*Dataset records*
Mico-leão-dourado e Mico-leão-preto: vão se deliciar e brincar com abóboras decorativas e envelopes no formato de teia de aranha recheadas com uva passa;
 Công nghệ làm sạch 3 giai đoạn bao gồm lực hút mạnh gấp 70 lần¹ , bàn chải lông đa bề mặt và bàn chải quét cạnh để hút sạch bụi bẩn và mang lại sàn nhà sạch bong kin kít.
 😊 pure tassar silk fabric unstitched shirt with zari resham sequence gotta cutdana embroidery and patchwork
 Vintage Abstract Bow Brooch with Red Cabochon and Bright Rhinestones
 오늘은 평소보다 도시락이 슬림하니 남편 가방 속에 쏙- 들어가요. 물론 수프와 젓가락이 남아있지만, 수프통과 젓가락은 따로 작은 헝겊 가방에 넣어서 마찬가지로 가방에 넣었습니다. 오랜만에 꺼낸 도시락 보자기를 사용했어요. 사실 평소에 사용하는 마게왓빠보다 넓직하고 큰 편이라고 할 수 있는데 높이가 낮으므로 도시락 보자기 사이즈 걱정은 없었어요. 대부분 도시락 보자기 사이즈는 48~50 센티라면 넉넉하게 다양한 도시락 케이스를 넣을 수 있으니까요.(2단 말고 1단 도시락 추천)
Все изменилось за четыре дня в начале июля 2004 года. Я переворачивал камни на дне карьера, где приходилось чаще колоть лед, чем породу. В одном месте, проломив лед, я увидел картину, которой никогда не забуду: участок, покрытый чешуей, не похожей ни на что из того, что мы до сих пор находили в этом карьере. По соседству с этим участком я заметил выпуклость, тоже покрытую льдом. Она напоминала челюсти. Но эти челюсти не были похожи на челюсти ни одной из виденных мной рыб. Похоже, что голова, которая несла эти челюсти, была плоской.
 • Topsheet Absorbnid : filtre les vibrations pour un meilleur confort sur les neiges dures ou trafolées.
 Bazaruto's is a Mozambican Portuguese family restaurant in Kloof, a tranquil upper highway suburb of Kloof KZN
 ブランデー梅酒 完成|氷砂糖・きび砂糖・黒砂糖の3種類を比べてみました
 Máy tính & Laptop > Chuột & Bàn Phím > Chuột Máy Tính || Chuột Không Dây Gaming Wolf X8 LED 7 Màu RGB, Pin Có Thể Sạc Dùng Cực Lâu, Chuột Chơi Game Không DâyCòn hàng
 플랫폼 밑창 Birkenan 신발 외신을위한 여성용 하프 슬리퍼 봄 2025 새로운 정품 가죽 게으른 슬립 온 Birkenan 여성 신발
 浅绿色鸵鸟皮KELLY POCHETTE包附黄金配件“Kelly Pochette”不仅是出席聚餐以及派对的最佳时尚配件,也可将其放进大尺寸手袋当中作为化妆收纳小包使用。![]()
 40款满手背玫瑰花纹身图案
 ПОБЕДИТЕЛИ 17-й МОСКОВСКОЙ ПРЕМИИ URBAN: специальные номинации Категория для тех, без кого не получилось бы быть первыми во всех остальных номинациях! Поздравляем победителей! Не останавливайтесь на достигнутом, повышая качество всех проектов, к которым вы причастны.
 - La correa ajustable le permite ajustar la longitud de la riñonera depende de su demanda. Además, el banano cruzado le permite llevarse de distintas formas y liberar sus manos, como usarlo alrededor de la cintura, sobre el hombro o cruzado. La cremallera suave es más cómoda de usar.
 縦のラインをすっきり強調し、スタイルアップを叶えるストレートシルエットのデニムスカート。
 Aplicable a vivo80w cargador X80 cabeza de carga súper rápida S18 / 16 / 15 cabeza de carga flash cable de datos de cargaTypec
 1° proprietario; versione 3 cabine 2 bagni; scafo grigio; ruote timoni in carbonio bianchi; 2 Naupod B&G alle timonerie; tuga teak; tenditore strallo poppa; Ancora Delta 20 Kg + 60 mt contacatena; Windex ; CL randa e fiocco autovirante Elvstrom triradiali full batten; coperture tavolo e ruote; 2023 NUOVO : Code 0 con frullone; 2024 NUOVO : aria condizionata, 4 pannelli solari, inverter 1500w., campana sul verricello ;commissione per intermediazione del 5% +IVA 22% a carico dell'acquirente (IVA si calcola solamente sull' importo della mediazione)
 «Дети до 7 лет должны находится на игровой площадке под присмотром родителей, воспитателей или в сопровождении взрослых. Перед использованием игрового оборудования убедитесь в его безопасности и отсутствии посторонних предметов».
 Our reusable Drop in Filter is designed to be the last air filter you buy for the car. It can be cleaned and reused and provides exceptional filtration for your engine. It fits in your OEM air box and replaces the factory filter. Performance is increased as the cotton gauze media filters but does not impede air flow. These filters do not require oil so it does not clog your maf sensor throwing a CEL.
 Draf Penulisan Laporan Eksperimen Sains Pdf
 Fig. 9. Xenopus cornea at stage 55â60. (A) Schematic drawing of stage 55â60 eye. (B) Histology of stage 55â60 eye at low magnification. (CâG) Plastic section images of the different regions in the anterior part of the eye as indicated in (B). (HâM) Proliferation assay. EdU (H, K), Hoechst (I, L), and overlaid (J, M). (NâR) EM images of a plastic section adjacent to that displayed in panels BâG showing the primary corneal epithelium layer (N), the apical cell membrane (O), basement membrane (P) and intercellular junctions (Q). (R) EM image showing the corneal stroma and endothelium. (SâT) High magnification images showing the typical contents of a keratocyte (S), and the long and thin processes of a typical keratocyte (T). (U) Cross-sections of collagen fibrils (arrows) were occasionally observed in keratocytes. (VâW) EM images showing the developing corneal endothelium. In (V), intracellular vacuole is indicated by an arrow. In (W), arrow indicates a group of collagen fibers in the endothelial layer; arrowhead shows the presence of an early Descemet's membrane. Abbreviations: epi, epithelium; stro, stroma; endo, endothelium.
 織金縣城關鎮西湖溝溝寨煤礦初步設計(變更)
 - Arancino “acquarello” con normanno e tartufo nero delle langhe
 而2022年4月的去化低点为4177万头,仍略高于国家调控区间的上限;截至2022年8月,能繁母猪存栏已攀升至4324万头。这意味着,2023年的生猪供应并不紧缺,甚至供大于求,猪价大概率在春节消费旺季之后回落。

*To do*
Extract the data in full. Keep it word for word.

*Answer section*
Mico-leão-dourado e Mico-leão-preto: vão se deliciar e brincar com abóboras decorativas e envelopes no formato de teia de aranha recheadas com uva passa;
 Công nghệ làm sạch 3 giai đoạn bao gồm lực hút mạnh gấp 70 lần¹ , bàn chải lông đa bề mặt và bàn chải quét cạnh để hút sạch bụi bẩn và mang lại sàn nhà sạch bong kin kít.
 😊 pure tassar silk fabric unstitched shirt with zari resham sequence gotta cutdana embroidery and patchwork
 Vintage Abstract Bow Brooch with Red Cabochon and Bright Rhinestones
 오늘은 평소보다 도시락이 슬림하니 남편 가방 속에 쏙- 들어가요. 물론 수프와 젓가락이 남아있지만, 수프통과 젓가락은 따로 작은 헝겊 가방에 넣어서 마찬가지로 가방에 넣었습니다. 오랜만에 꺼낸 도시락 보자기를 사용했어요. 사실 평소에 사용하는 마게왓빠보다 넓직하고 큰 편이라고 할 수 있는데 높이가 낮으므로 도시락 보자기 사이즈 걱정은 없었어요. 대부분 도시락 보자기 사이즈는 48~50 센티라면 넉넉하게 다양한 도시락 케이스를 넣을 수 있으니까요.(2단 말고 1단 도시락 추천)
Все изменилось за четыре дня в начале июля 2004 года. Я переворачивал камни на дне карьера, где приходилось чаще колоть лед, чем породу. В одном месте, проломив лед, я увидел картину, которой никогда не забуду: участок, покрытый чешуей, не похожей ни на что из того, что мы до сих пор находили в этом карьере. По соседству с этим участком я заметил выпуклость, тоже покрытую льдом. Она напоминала челюсти. Но эти челюсти не были похожи на челюсти ни одной из виденных мной рыб. Похоже, что голова, которая несла эти челюсти, была плоской.
 • Topsheet Absorbnid : filtre les vibrations pour un meilleur confort sur les neiges dures ou trafolées.
 Bazaruto's is a Mozambican Portuguese family restaurant in Kloof, a tranquil upper highway suburb of Kloof KZN
 ブランデー梅酒 完成|氷砂糖・きび砂糖・黒砂糖の3種類を比べてみました
 Máy tính & Laptop > Chuột & Bàn Phím > Chuột Máy Tính || Chuột Không Dây Gaming Wolf X8 LED 7 Màu RGB, Pin Có Thể Sạc Dùng Cực Lâu, Chuột Chơi Game Không DâyCòn hàng
 플랫폼 밑창 Birkenan 신발 외신을위한 여성용 하프 슬리퍼 봄 2025 새로운 정품 가죽 게으른 슬립 온 Birkenan 여성 신발
 浅绿色鸵鸟皮KELLY POCHETTE包附黄金配件“Kelly Pochette”不仅是出席聚餐以及派对的最佳时尚配件,也可将其放进大尺寸手袋当中作为化妆收纳小包使用。![]()
 40款满手背玫瑰花纹身图案
 ПОБЕДИТЕЛИ 17-й МОСКОВСКОЙ ПРЕМИИ URBAN: специальные номинации Категория для тех, без кого не получилось бы быть первыми во всех остальных номинациях! Поздравляем победителей! Не останавливайтесь на достигнутом, повышая качество всех проектов, к которым вы причастны.
 - La correa ajustable le permite ajustar la longitud de la riñonera depende de su demanda. Además, el banano cruzado le permite llevarse de distintas formas y liberar sus manos, como usarlo alrededor de la cintura, sobre el hombro o cruzado. La cremallera suave es más cómoda de usar.
 縦のラインをすっきり強調し、スタイルアップを叶えるストレートシルエットのデニムスカート。
 Aplicable a vivo80w cargador X80 cabeza de carga súper rápida S18 / 16 / 15 cabeza de carga flash cable de datos de cargaTypec
 1° proprietario; versione 3 cabine 2 bagni; scafo grigio; ruote timoni in carbonio bianchi; 2 Naupod B&G alle timonerie; tuga teak; tenditore strallo poppa; Ancora Delta 20 Kg + 60 mt contacatena; Windex ; CL randa e fiocco autovirante Elvstrom triradiali full batten; coperture tavolo e ruote; 2023 NUOVO : Code 0 con frullone; 2024 NUOVO : aria condizionata, 4 pannelli solari, inverter 1500w., campana sul verricello ;commissione per intermediazione del 5% +IVA 22% a carico dell'acquirente (IVA si calcola solamente sull' importo della mediazione)
 «Дети до 7 лет должны находится на игровой площадке под присмотром родителей, воспитателей или в сопровождении взрослых. Перед использованием игрового оборудования убедитесь в его безопасности и отсутствии посторонних предметов».
 Our reusable Drop in Filter is designed to be the last air filter you buy for the car. It can be cleaned and reused and provides exceptional filtration for your engine. It fits in your OEM air box and replaces the factory filter. Performance is increased as the cotton gauze media filters but does not impede air flow. These filters do not require oil so it does not clog your maf sensor throwing a CEL.
 Draf Penulisan Laporan Eksperimen Sains Pdf
 Fig. 9. Xenopus cornea at stage 55â60. (A) Schematic drawing of stage 55â60 eye. (B) Histology of stage 55â60 eye at low magnification. (CâG) Plastic section images of the different regions in the anterior part of the eye as indicated in (B). (HâM) Proliferation assay. EdU (H, K), Hoechst (I, L), and overlaid (J, M). (NâR) EM images of a plastic section adjacent to that displayed in panels BâG showing the primary corneal epithelium layer (N), the apical cell membrane (O), basement membrane (P) and intercellular junctions (Q). (R) EM image showing the corneal stroma and endothelium. (SâT) High magnification images showing the typical contents of a keratocyte (S), and the long and thin processes of a typical keratocyte (T). (U) Cross-sections of collagen fibrils (arrows) were occasionally observed in keratocytes. (VâW) EM images showing the developing corneal endothelium. In (V), intracellular vacuole is indicated by an arrow. In (W), arrow indicates a group of collagen fibers in the endothelial layer; arrowhead shows the presence of an early Descemet's membrane. Abbreviations: epi, epithelium; stro, stroma; endo, endothelium.
 織金縣城關鎮西湖溝溝寨煤礦初步設計(變更)
 - Arancino “acquarello” con normanno e tartufo nero delle langhe
 而2022年4月的去化低点为4177万头,仍略高于国家调控区间的上限;截至2022年8月,能繁母猪存栏已攀升至4324万头。这意味着,2023年的生猪供应并不紧缺,甚至供大于求,猪价大概率在春节消费旺季之后回落。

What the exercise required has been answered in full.